__DATASET RECORDS__:
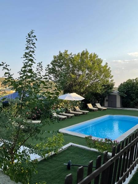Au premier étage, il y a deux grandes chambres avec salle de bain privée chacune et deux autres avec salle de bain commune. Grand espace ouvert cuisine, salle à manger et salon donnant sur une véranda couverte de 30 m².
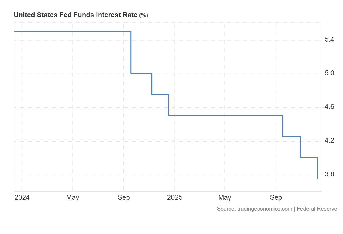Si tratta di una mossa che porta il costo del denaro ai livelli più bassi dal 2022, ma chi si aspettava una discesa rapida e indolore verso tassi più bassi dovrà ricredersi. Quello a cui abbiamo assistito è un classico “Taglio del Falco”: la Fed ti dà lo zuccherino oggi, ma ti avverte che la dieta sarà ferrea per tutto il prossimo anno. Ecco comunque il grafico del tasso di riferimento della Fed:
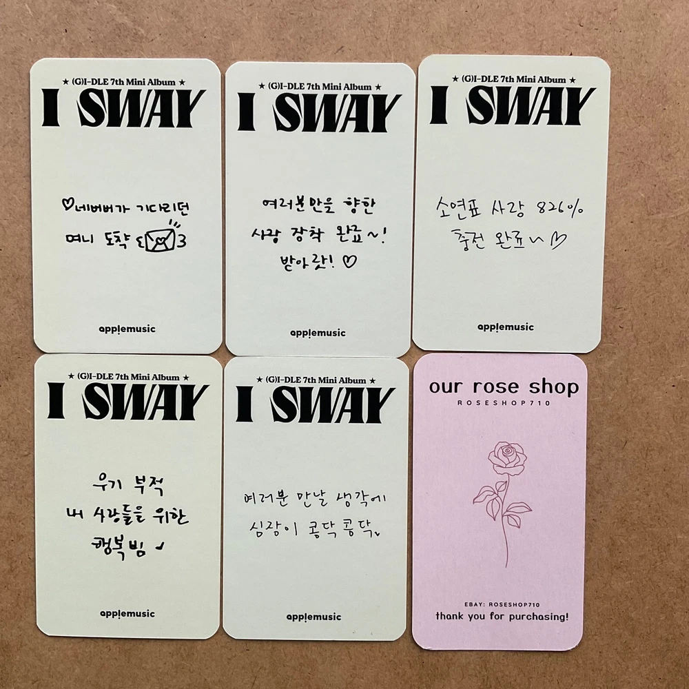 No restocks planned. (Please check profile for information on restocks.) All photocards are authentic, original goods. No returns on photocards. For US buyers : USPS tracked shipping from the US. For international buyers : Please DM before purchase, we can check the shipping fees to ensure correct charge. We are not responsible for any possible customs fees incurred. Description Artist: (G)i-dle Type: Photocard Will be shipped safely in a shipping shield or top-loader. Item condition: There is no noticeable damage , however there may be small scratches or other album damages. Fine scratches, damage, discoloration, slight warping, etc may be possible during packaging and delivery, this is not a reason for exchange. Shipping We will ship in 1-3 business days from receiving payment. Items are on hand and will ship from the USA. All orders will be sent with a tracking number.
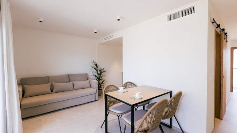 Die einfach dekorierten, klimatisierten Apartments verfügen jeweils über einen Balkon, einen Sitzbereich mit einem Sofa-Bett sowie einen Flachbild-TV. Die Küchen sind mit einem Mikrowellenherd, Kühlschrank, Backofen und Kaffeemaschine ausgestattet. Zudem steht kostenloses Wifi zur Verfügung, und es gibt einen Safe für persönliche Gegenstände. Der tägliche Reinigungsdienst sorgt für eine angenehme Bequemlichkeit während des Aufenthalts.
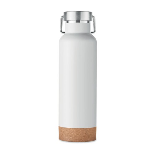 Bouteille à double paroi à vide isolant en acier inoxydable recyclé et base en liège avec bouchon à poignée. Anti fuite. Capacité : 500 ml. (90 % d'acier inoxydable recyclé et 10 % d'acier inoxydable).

* * *

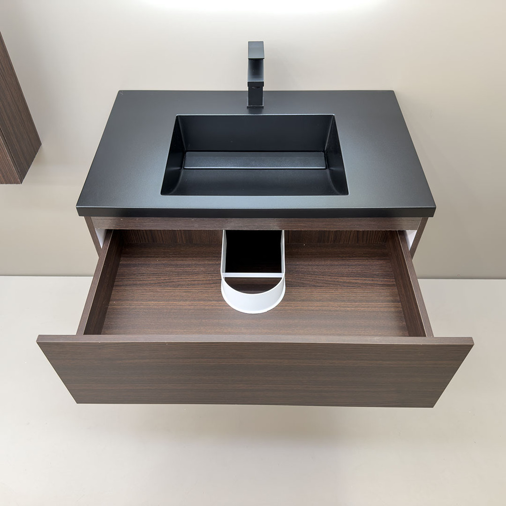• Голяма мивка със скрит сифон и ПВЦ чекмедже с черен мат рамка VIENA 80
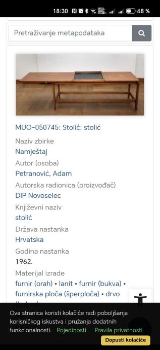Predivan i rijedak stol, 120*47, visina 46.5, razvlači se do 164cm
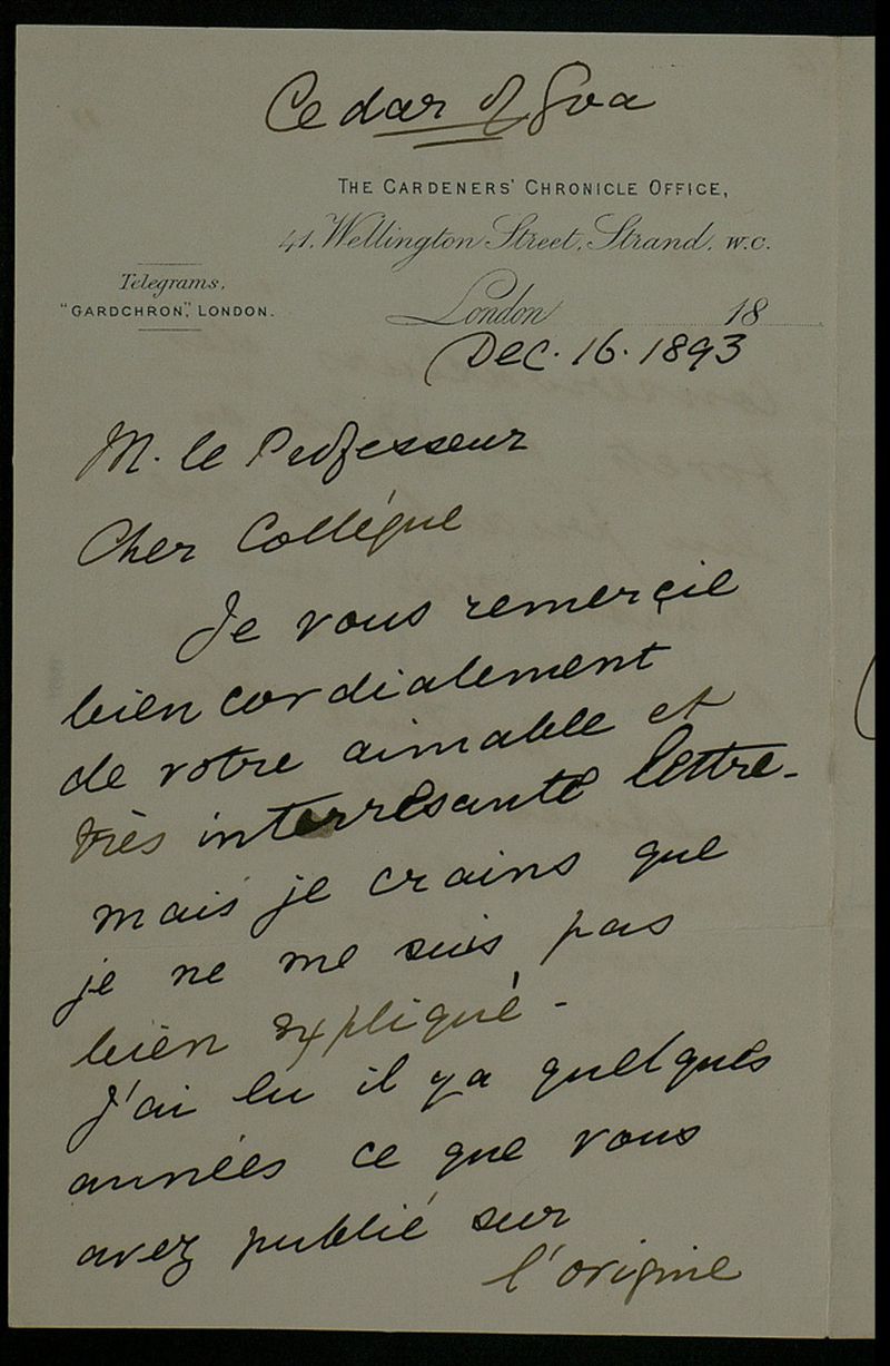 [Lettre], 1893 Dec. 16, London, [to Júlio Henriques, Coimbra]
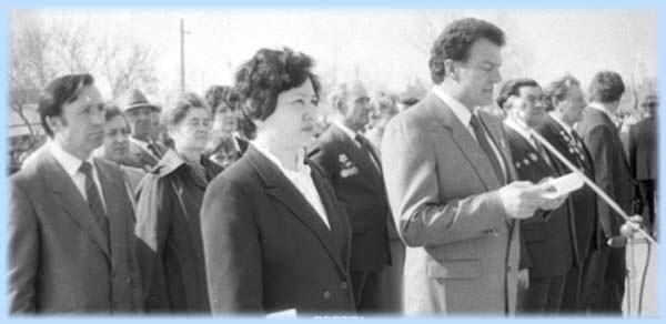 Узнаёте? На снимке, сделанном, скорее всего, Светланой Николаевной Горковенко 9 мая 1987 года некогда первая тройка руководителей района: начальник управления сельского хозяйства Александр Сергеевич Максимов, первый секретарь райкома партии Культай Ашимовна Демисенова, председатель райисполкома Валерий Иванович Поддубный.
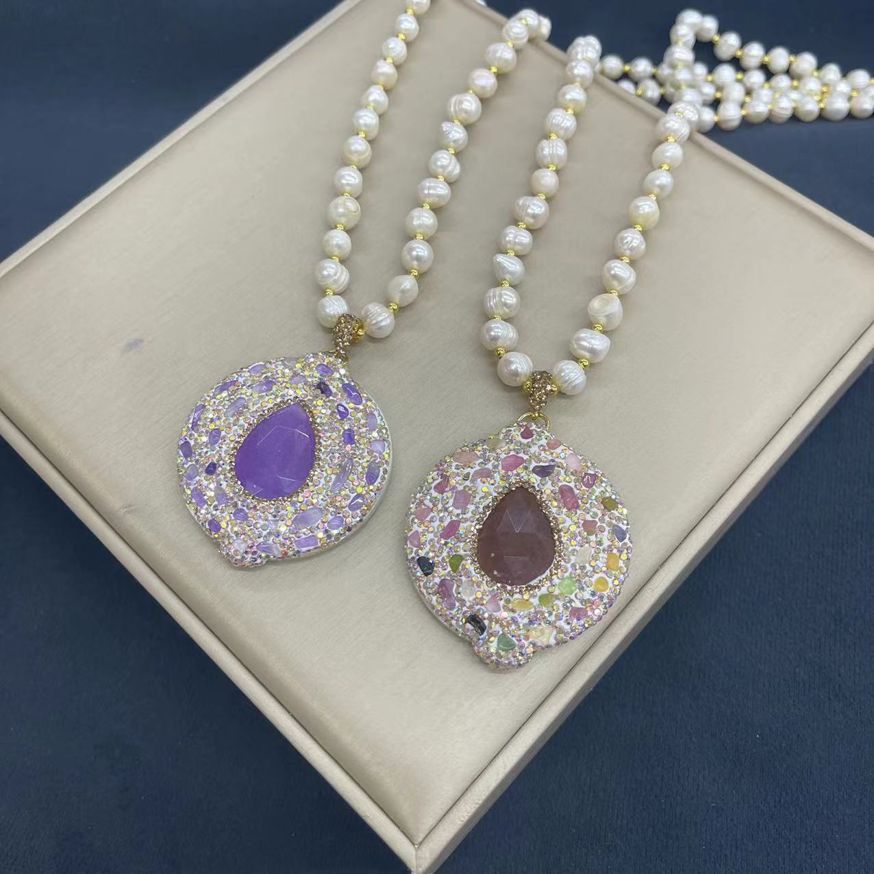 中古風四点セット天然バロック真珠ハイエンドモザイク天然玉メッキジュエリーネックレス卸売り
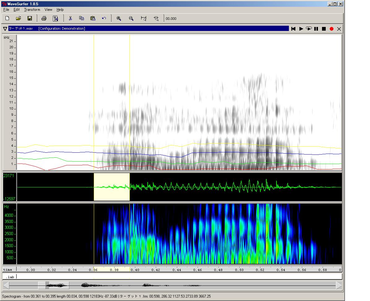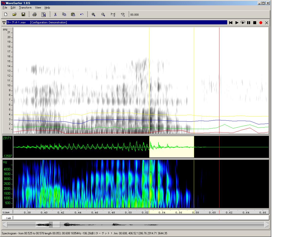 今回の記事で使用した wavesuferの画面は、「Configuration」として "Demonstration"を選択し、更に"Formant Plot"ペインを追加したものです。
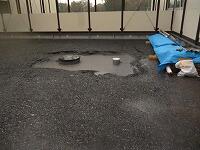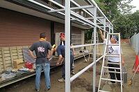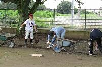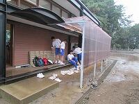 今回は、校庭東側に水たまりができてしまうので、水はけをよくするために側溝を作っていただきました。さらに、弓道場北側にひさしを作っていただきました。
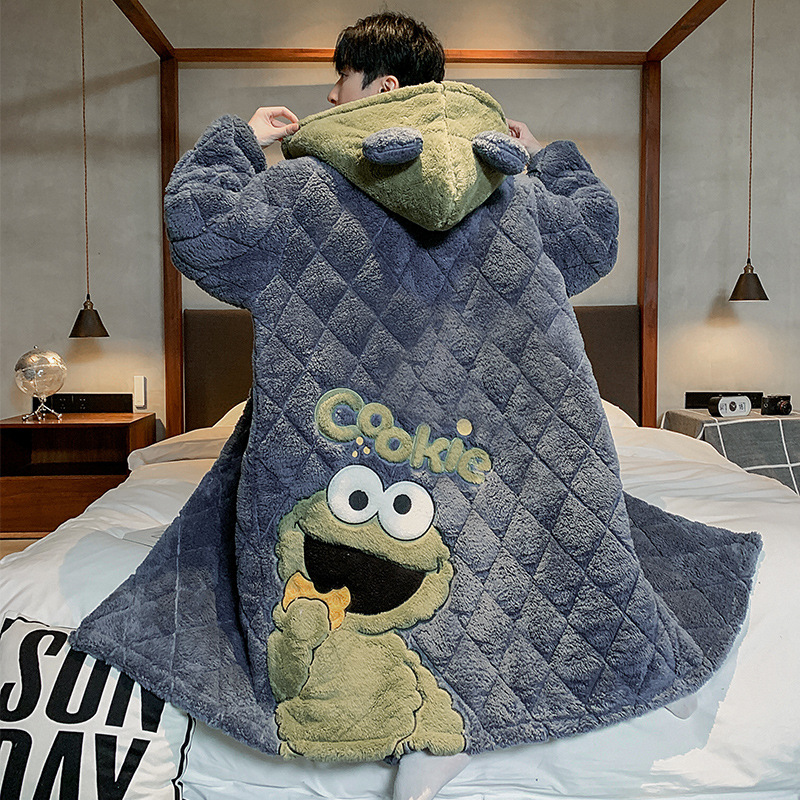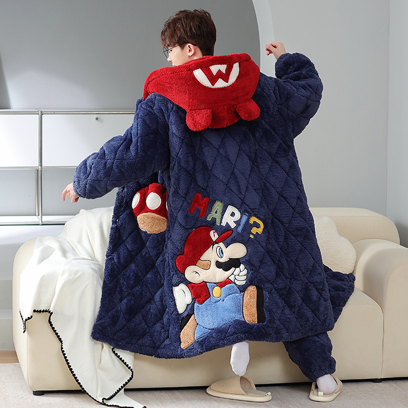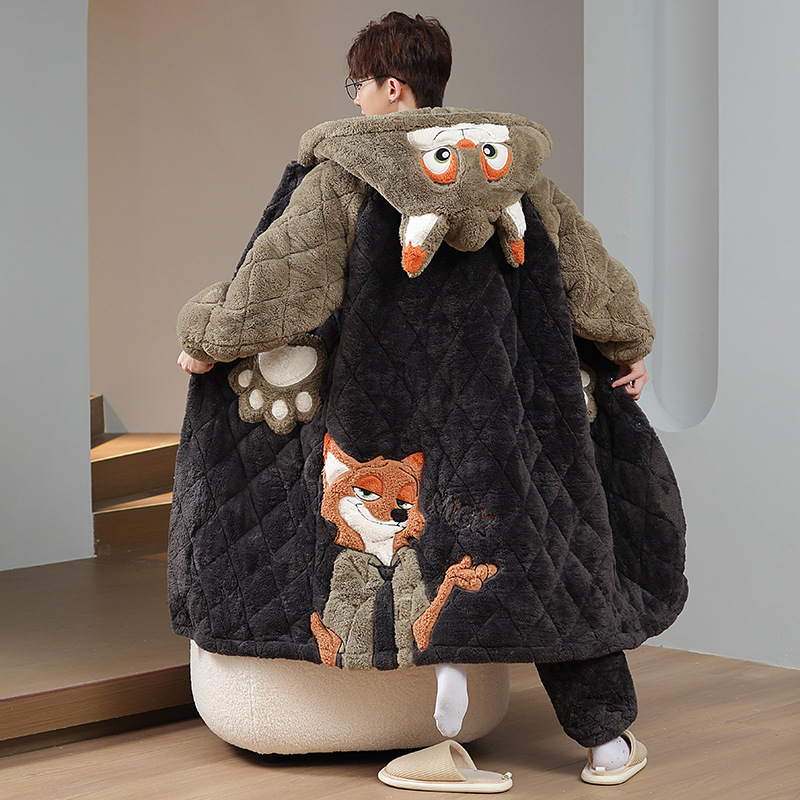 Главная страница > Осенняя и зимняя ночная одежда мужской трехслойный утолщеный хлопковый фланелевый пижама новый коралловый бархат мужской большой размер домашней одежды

__PROBLEM__: Nothing but the lines above from the one that has "Au premier étage, il" down to the one that has "No restocks planned." belongs in the answer, copied exactly, without pictures.

__WORKED SOLUTION__:
Au premier étage, il y a deux grandes chambres avec salle de bain privée chacune et deux autres avec salle de bain commune. Grand espace ouvert cuisine, salle à manger et salon donnant sur une véranda couverte de 30 m².
Si tratta di una mossa che porta il costo del denaro ai livelli più bassi dal 2022, ma chi si aspettava una discesa rapida e indolore verso tassi più bassi dovrà ricredersi. Quello a cui abbiamo assistito è un classico “Taglio del Falco”: la Fed ti dà lo zuccherino oggi, ma ti avverte che la dieta sarà ferrea per tutto il prossimo anno. Ecco comunque il grafico del tasso di riferimento della Fed:
 No restocks planned. (Please check profile for information on restocks.) All photocards are authentic, original goods. No returns on photocards. For US buyers : USPS tracked shipping from the US. For international buyers : Please DM before purchase, we can check the shipping fees to ensure correct charge. We are not responsible for any possible customs fees incurred. Description Artist: (G)i-dle Type: Photocard Will be shipped safely in a shipping shield or top-loader. Item condition: There is no noticeable damage , however there may be small scratches or other album damages. Fine scratches, damage, discoloration, slight warping, etc may be possible during packaging and delivery, this is not a reason for exchange. Shipping We will ship in 1-3 business days from receiving payment. Items are on hand and will ship from the USA. All orders will be sent with a tracking number.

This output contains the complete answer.